_What you should do_. Every entry below should be transcribed exactly; pictures stay out of the copy.

_Dataset extract_.
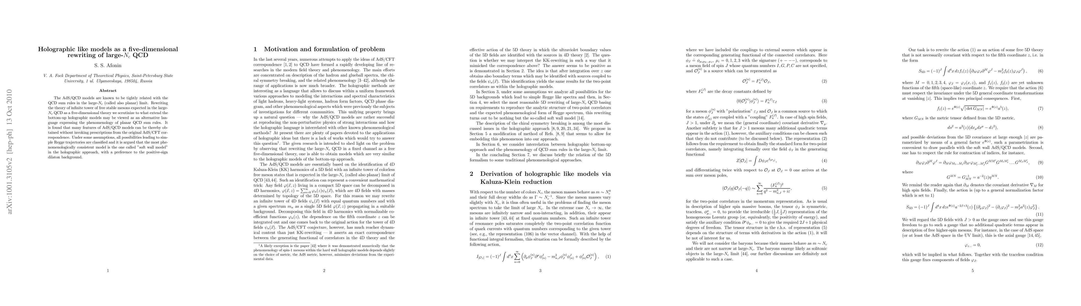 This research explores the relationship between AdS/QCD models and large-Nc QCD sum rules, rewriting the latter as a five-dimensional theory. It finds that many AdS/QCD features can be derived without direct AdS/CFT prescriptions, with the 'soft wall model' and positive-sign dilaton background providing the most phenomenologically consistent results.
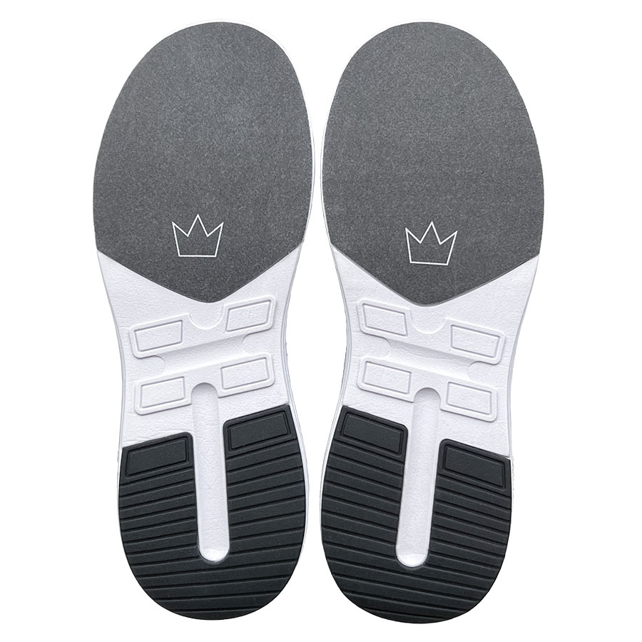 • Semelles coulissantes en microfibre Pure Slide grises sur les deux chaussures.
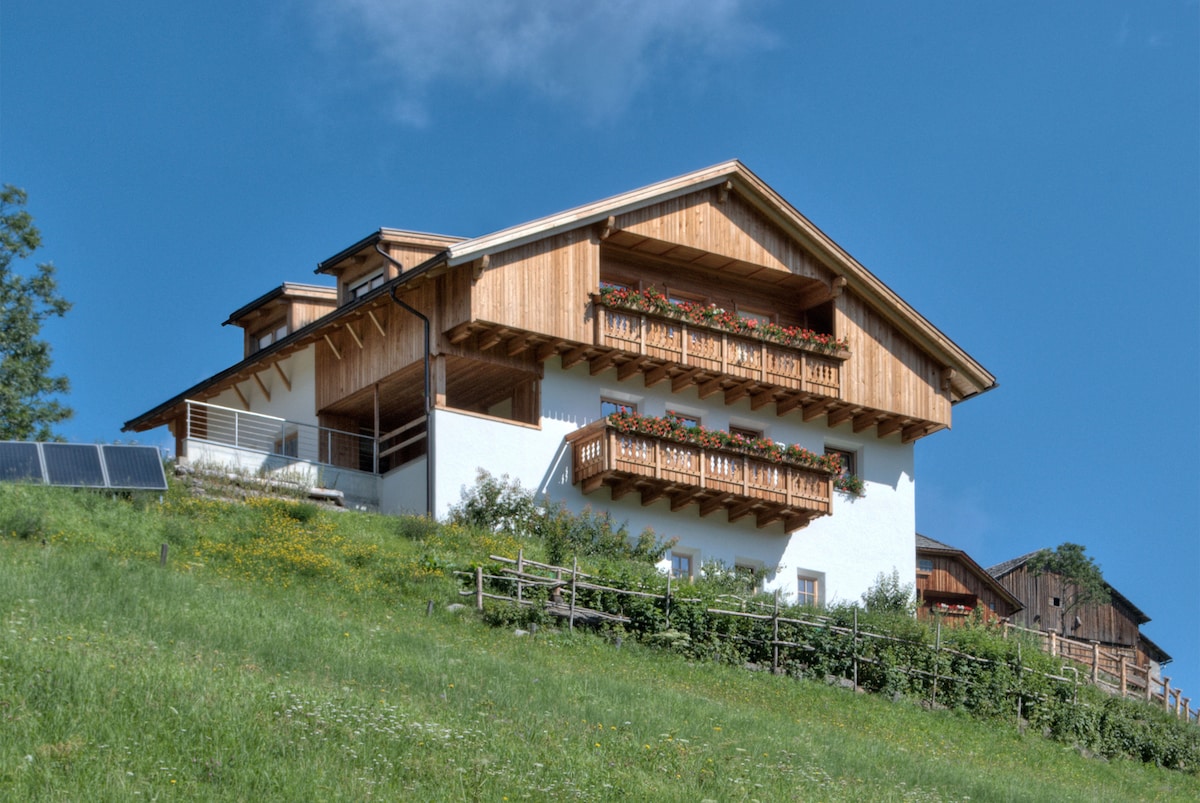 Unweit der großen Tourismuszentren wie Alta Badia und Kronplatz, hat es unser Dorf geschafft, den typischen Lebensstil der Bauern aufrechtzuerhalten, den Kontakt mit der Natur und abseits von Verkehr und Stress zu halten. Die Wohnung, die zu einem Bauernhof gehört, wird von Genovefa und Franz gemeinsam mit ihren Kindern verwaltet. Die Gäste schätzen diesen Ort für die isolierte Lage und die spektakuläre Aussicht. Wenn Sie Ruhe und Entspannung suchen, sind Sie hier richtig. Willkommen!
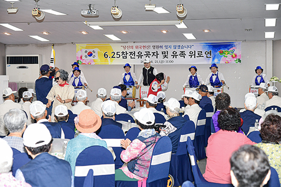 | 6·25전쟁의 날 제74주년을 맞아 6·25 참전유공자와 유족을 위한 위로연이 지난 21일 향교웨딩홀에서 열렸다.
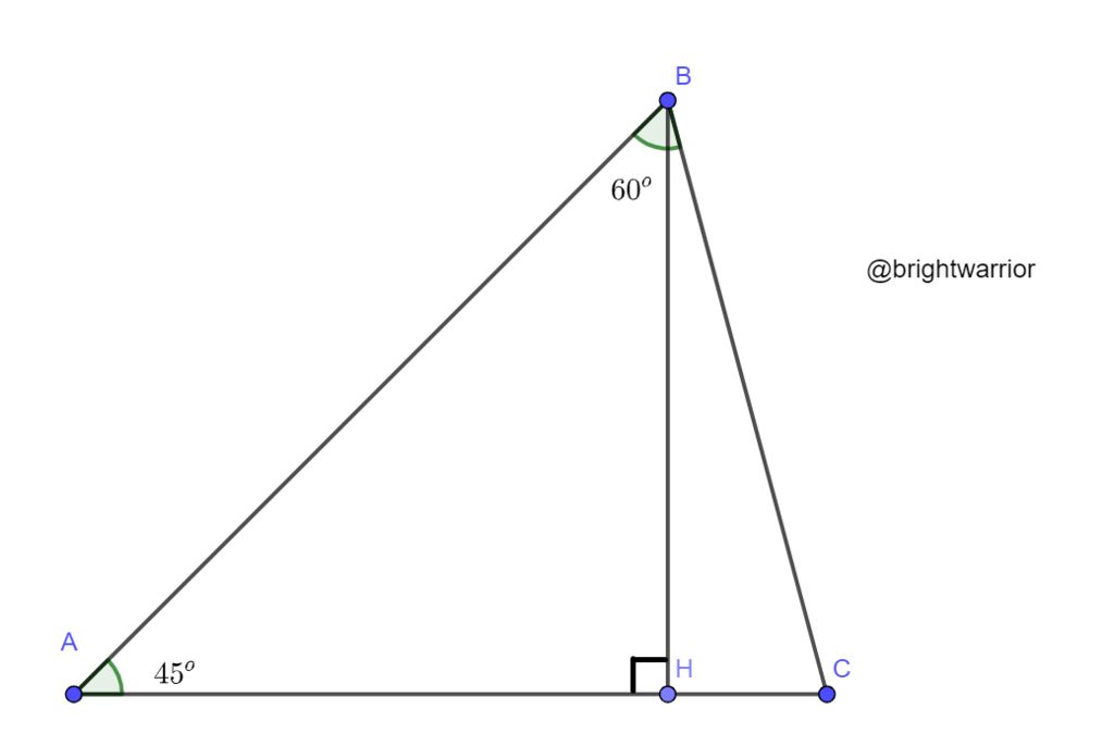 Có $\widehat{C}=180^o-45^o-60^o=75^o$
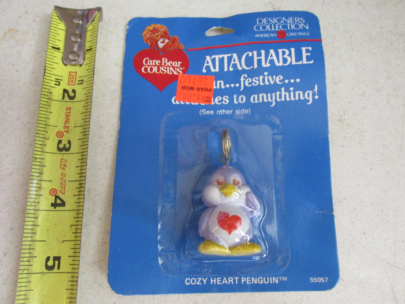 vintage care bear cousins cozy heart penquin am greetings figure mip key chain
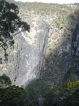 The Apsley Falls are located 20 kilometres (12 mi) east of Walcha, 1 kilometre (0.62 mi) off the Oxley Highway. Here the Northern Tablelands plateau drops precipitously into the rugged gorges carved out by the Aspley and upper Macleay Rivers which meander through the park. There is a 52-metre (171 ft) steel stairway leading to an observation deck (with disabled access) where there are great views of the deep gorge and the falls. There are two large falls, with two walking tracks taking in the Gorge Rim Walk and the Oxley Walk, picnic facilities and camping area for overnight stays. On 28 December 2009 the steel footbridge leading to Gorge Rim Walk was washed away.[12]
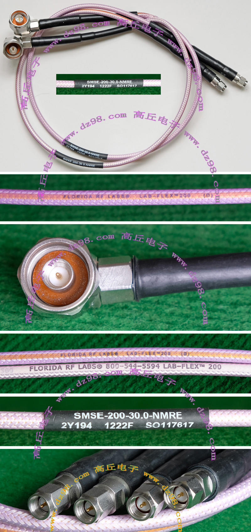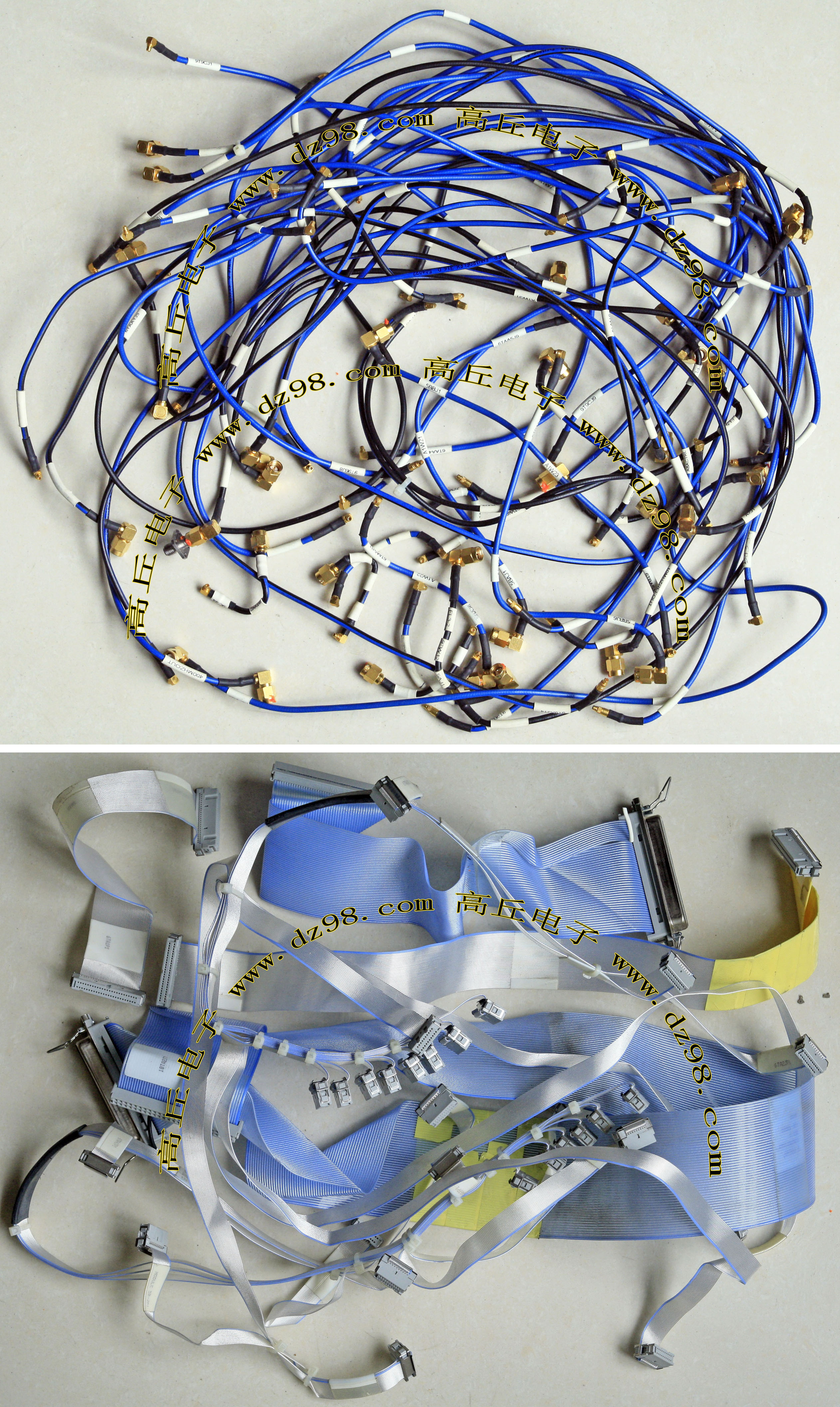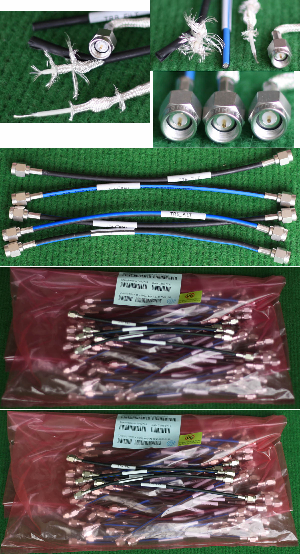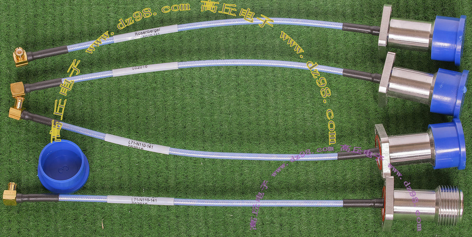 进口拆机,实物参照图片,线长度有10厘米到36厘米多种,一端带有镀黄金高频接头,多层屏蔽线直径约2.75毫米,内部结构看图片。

_Result_.
 This research explores the relationship between AdS/QCD models and large-Nc QCD sum rules, rewriting the latter as a five-dimensional theory. It finds that many AdS/QCD features can be derived without direct AdS/CFT prescriptions, with the 'soft wall model' and positive-sign dilaton background providing the most phenomenologically consistent results.
 • Semelles coulissantes en microfibre Pure Slide grises sur les deux chaussures.
 Unweit der großen Tourismuszentren wie Alta Badia und Kronplatz, hat es unser Dorf geschafft, den typischen Lebensstil der Bauern aufrechtzuerhalten, den Kontakt mit der Natur und abseits von Verkehr und Stress zu halten. Die Wohnung, die zu einem Bauernhof gehört, wird von Genovefa und Franz gemeinsam mit ihren Kindern verwaltet. Die Gäste schätzen diesen Ort für die isolierte Lage und die spektakuläre Aussicht. Wenn Sie Ruhe und Entspannung suchen, sind Sie hier richtig. Willkommen!
 | 6·25전쟁의 날 제74주년을 맞아 6·25 참전유공자와 유족을 위한 위로연이 지난 21일 향교웨딩홀에서 열렸다.
 Có $\widehat{C}=180^o-45^o-60^o=75^o$
 vintage care bear cousins cozy heart penquin am greetings figure mip key chain
 The Apsley Falls are located 20 kilometres (12 mi) east of Walcha, 1 kilometre (0.62 mi) off the Oxley Highway. Here the Northern Tablelands plateau drops precipitously into the rugged gorges carved out by the Aspley and upper Macleay Rivers which meander through the park. There is a 52-metre (171 ft) steel stairway leading to an observation deck (with disabled access) where there are great views of the deep gorge and the falls. There are two large falls, with two walking tracks taking in the Gorge Rim Walk and the Oxley Walk, picnic facilities and camping area for overnight stays. On 28 December 2009 the steel footbridge leading to Gorge Rim Walk was washed away.[12]
 进口拆机,实物参照图片,线长度有10厘米到36厘米多种,一端带有镀黄金高频接头,多层屏蔽线直径约2.75毫米,内部结构看图片。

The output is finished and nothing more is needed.